Aim of the exercise = From the first line to the last, reproduce the records below exactly, omitting any picture.

___ Source material ___

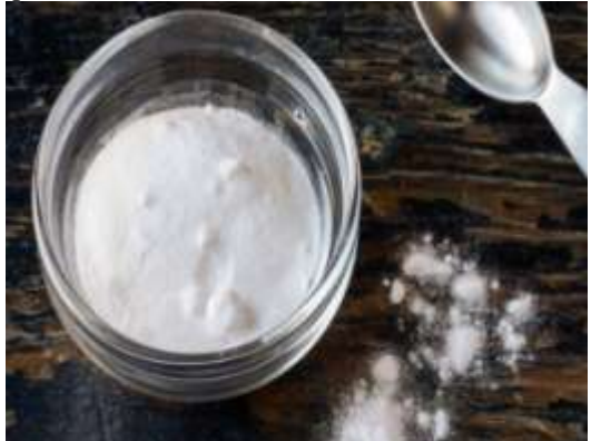
Fig-4 Sodium benzoate

4.Sodium Benzoate: Sodium benzoate also known as benzoate of soda is the sodium salt of benzoic acid, widely used as a food preservative (with an E number of E211) and a pickling agent. It appears as a white crystalline chemical with the formula C6H5COONa. Many foods are natural sources of benzoic acid, its salts, and its esters. Fruits and vegetables can be rich sources, particularly berries such as cranberry and bilberry. Other sources include seafood, such as prawns, and dairy products. Sodium benzoate is used as a treatment for urea cycle disorders due to its ability to bind amino acids. This leads to excretion of these amino acids and a decrease in ammonia levels. Recent research shows that sodium benzoate may be beneficial as an add on therapy (1 gram/day) in schizophrenia. Total Positive and Negative Syndrome Scale scores dropped by 21% compared to placebo.
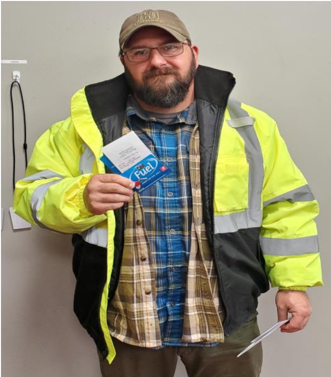
Father of young man dealing with bone cancer receives a $150 gas card from Cancer Control
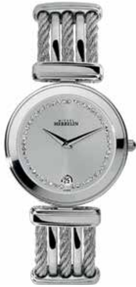
19415/B62 Ø 31.5mm
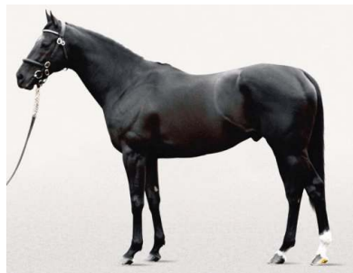
Monsun's sons Manduro...

Monsun may be best known in North America as the sire of the graded winners Royal Highness, Noble Stella and Lauro, but in Europe he has made his name by producing a Classic winner in most of his first 10 crops, even though these crops average fewer than 60 foals.
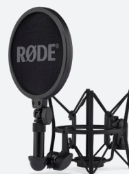
1 x NT5
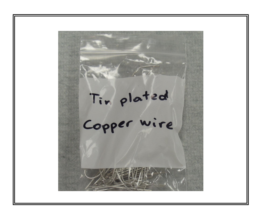
SGS authenticates the photo on the original report only
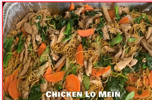
CHICKEN LO MEIN
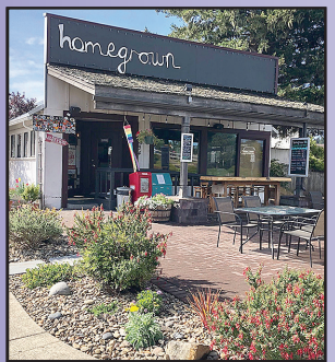
294 LAUREL STREET Unique Old Town property. Land + building for sale. 0.26 acres commercial. Restaurant lease, 2 apartments + woodshop area gross rent approx $3350 a month. Set up an appointment to view. $475,000 #11891 MLS#19429547
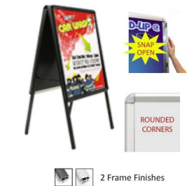
2 Frame Finishes
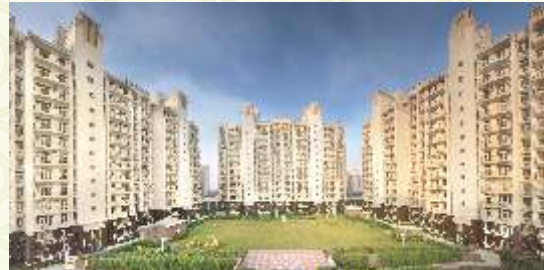
Essel Tower, M.G. Road, Gurgaon
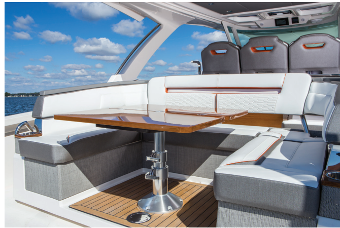
Dayboating is taken to a new level of style and luxury in the new Sport series, with triple seats at the helm and big lounges in the cockpit.

Show Innovation Award in the cuddy cabin and bowrider category, and sales coming off of the show have been relatively strong.
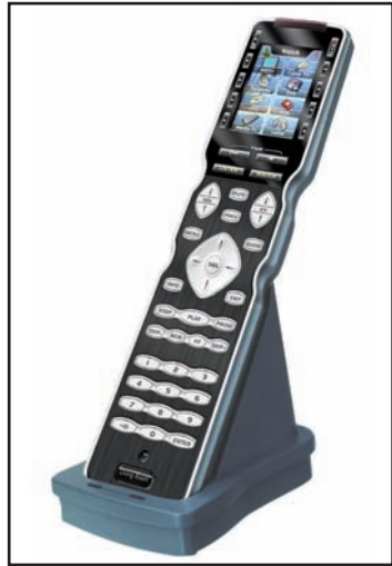
The MX-980 on it's Charger.

The Status light should immediately light. Red indicates that it is charging. Blue shows that it is fully charged. There is no harm in leaving the MX-980 on its charging base whenever it is not in use. The Lithium Ion battery cannot be overcharged.
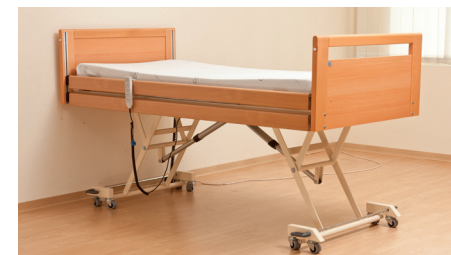
Highest Position 80cm

___

Answer to this exercise =
Fig-4 Sodium benzoate

4.Sodium Benzoate: Sodium benzoate also known as benzoate of soda is the sodium salt of benzoic acid, widely used as a food preservative (with an E number of E211) and a pickling agent. It appears as a white crystalline chemical with the formula C6H5COONa. Many foods are natural sources of benzoic acid, its salts, and its esters. Fruits and vegetables can be rich sources, particularly berries such as cranberry and bilberry. Other sources include seafood, such as prawns, and dairy products. Sodium benzoate is used as a treatment for urea cycle disorders due to its ability to bind amino acids. This leads to excretion of these amino acids and a decrease in ammonia levels. Recent research shows that sodium benzoate may be beneficial as an add on therapy (1 gram/day) in schizophrenia. Total Positive and Negative Syndrome Scale scores dropped by 21% compared to placebo.
Father of young man dealing with bone cancer receives a $150 gas card from Cancer Control
19415/B62 Ø 31.5mm
Monsun's sons Manduro...

Monsun may be best known in North America as the sire of the graded winners Royal Highness, Noble Stella and Lauro, but in Europe he has made his name by producing a Classic winner in most of his first 10 crops, even though these crops average fewer than 60 foals.
1 x NT5
SGS authenticates the photo on the original report only
CHICKEN LO MEIN
294 LAUREL STREET Unique Old Town property. Land + building for sale. 0.26 acres commercial. Restaurant lease, 2 apartments + woodshop area gross rent approx $3350 a month. Set up an appointment to view. $475,000 #11891 MLS#19429547
2 Frame Finishes
Essel Tower, M.G. Road, Gurgaon
Dayboating is taken to a new level of style and luxury in the new Sport series, with triple seats at the helm and big lounges in the cockpit.

Show Innovation Award in the cuddy cabin and bowrider category, and sales coming off of the show have been relatively strong.
The MX-980 on it's Charger.

The Status light should immediately light. Red indicates that it is charging. Blue shows that it is fully charged. There is no harm in leaving the MX-980 on its charging base whenever it is not in use. The Lithium Ion battery cannot be overcharged.
Highest Position 80cm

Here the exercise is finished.